Step 1 — A shell tool that cannot eat your laptop
The first instinct most people have is os.system(cmd). Do not do that. Use asyncio.create_subprocess_shell with a timeout, capture stdout and stderr separately, truncate huge outputs, and always run inside an explicit working directory.
import asyncio, os, shlex
from pathlib import Path
MAX_OUTPUT = 8_000 # characters
DEFAULT_TIMEOUT = 30 # seconds
async def run_shell(cmd: str, cwd: Path, timeout: int = DEFAULT_TIMEOUT) -> dict:
"""Run a shell command inside cwd with a hard timeout."""
proc = await asyncio.create_subprocess_shell(
cmd,
cwd=str(cwd),
stdout=asyncio.subprocess.PIPE,
stderr=asyncio.subprocess.PIPE,
env={**os.environ, "PAGER": "cat", "GIT_PAGER": "cat"},
)
try:
out, err = await asyncio.wait_for(proc.communicate(), timeout=timeout)
except asyncio.TimeoutError:
proc.kill()
return {"exit_code": 124, "stdout": "", "stderr": f"timeout after {timeout}s"}
def trim(b: bytes) -> str:
s = b.decode("utf-8", errors="replace")
return s if len(s) <= MAX_OUTPUT else s[:MAX_OUTPUT] + f"\n... [truncated {len(s) - MAX_OUTPUT} chars]"
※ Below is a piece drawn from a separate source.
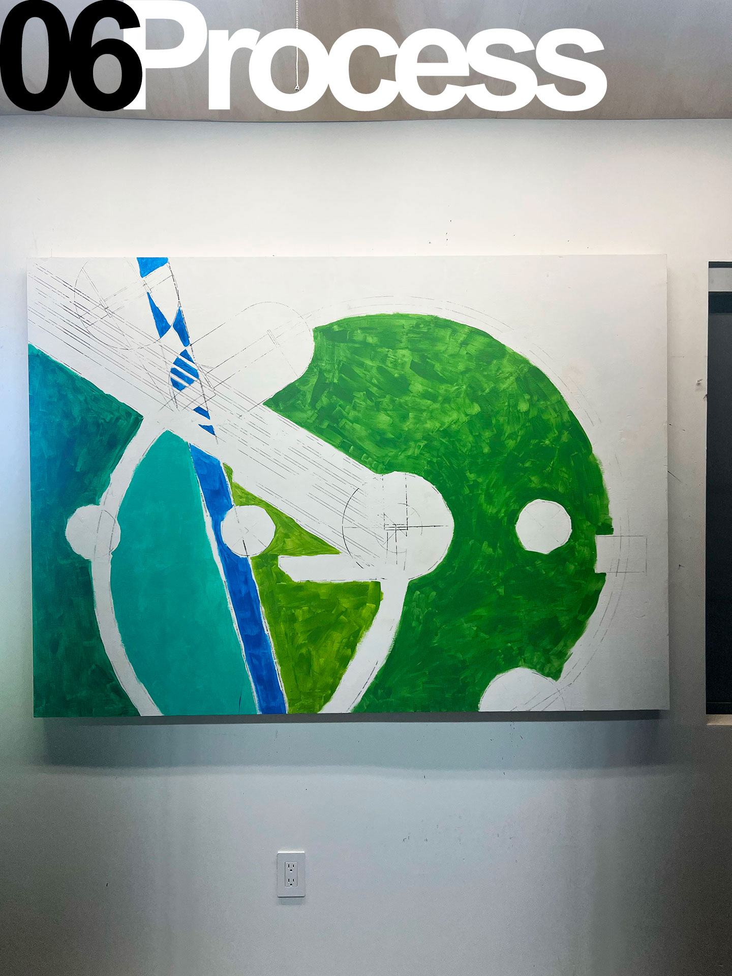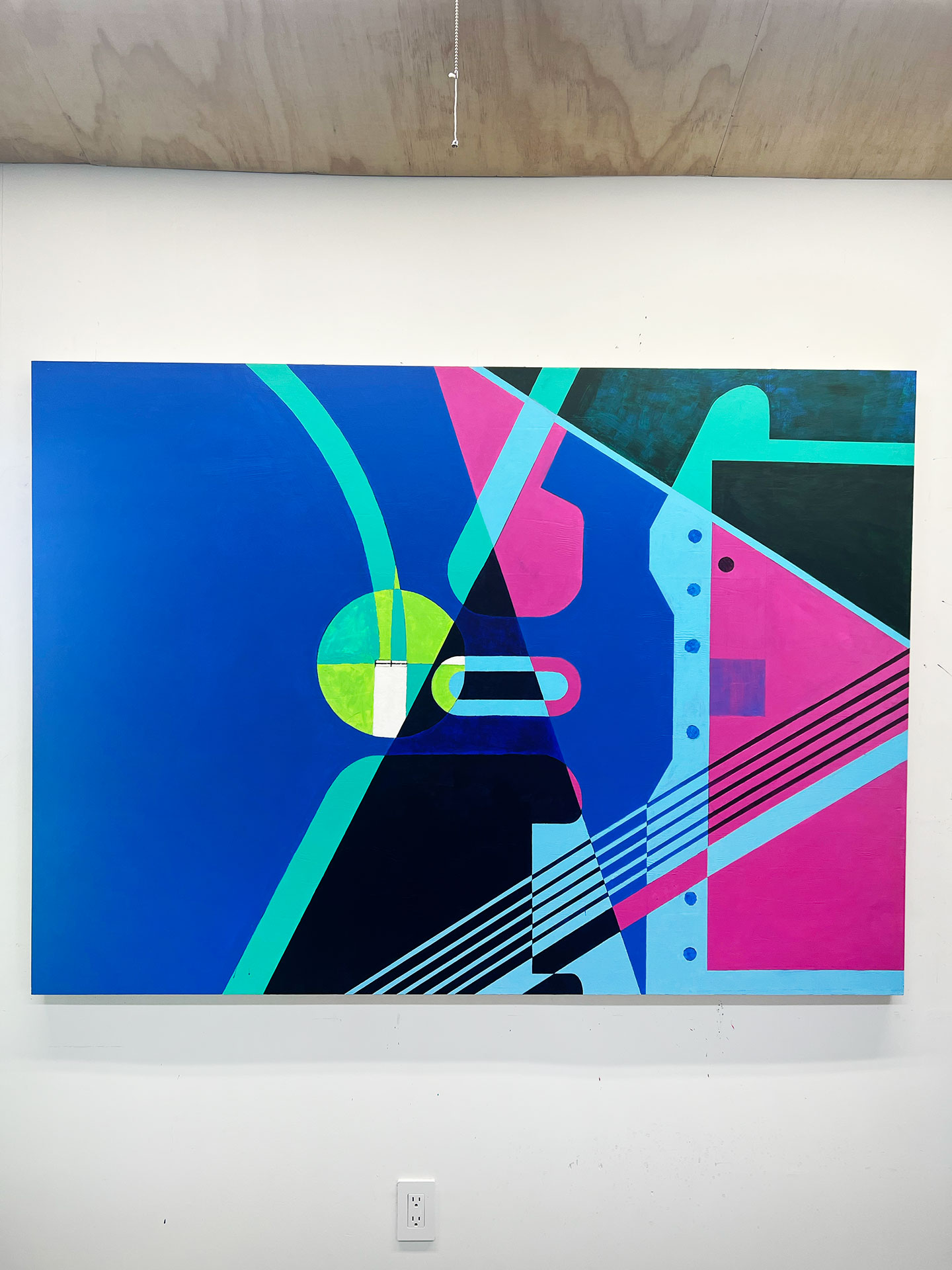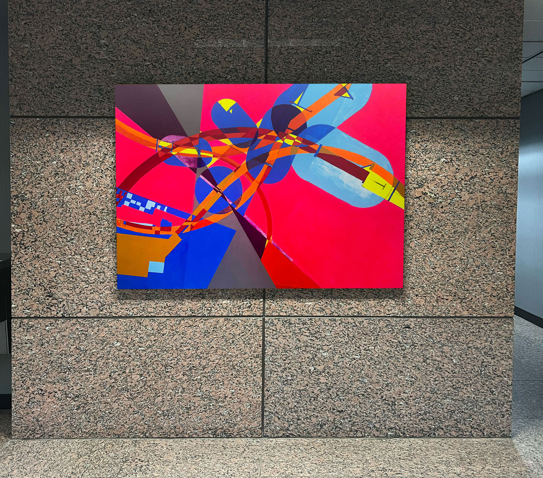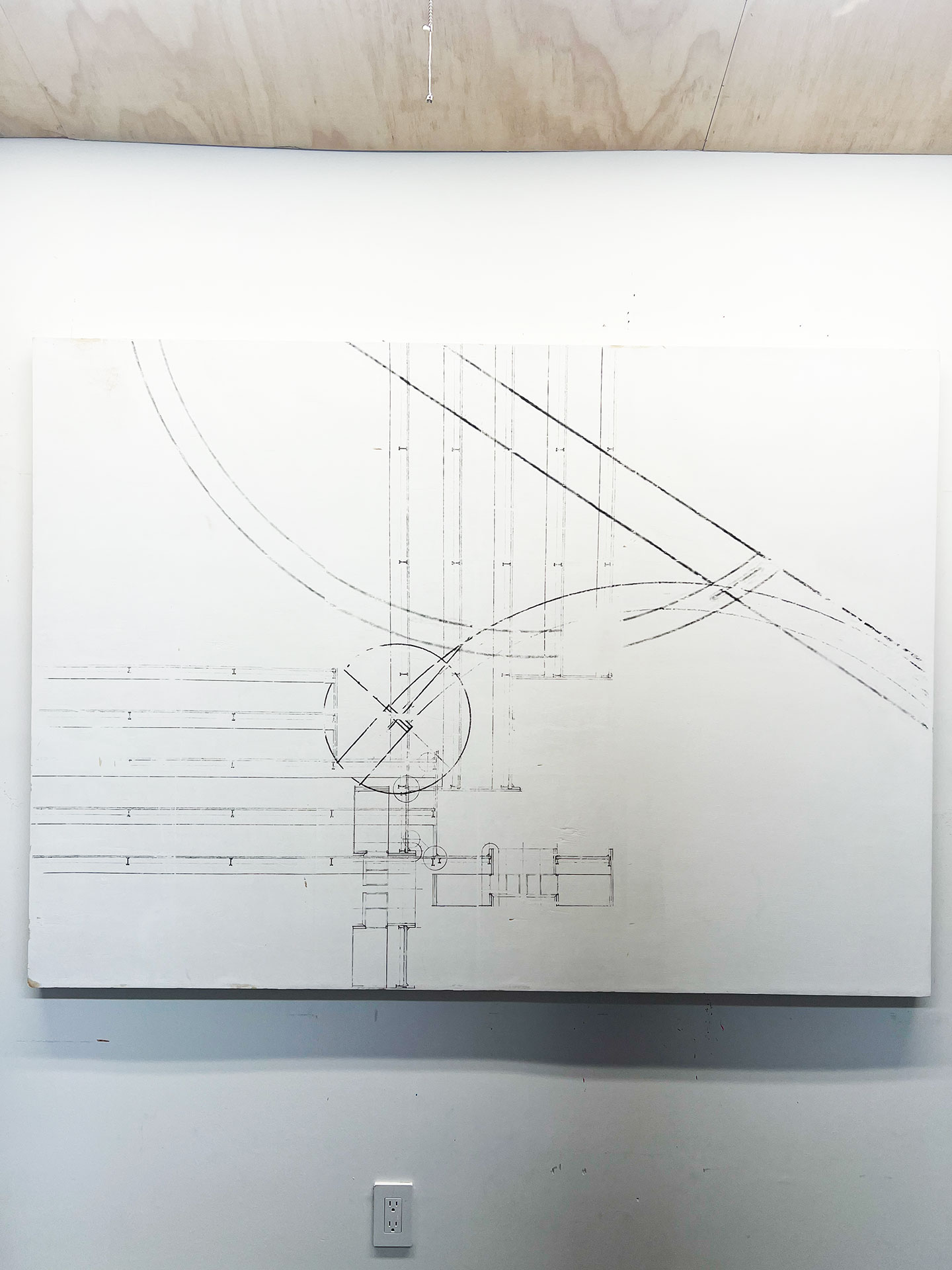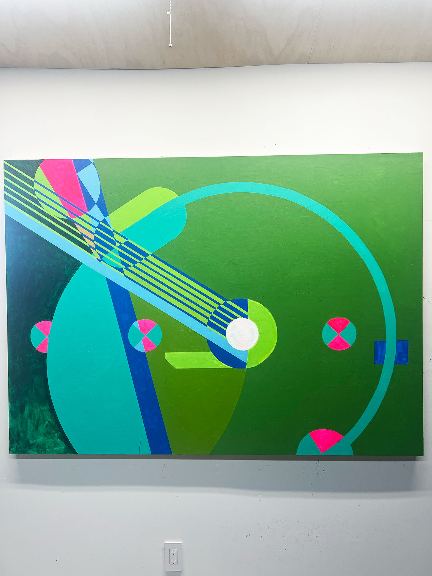 A series of commissioned paintings for 1500 Tower Place, a multi-story office building. They are derived from the building's floor plans. I photographed the floor plans, created a composition digitally by layering them on top of each other, then transferred the line work onto a wood panel, then painted in the shapes the overlapping plans created. Acrylic on wood panel – 4'x5'– March 2024.

return {"exit_code": proc.returncode, "stdout": trim(out), "stderr": trim(err)}
Three details matter. cwd means an absent cd cannot escape the project. PAGER=cat stops git log from hanging waiting for a terminal. The truncation stops a runaway find / from blowing past your context window in one tool call.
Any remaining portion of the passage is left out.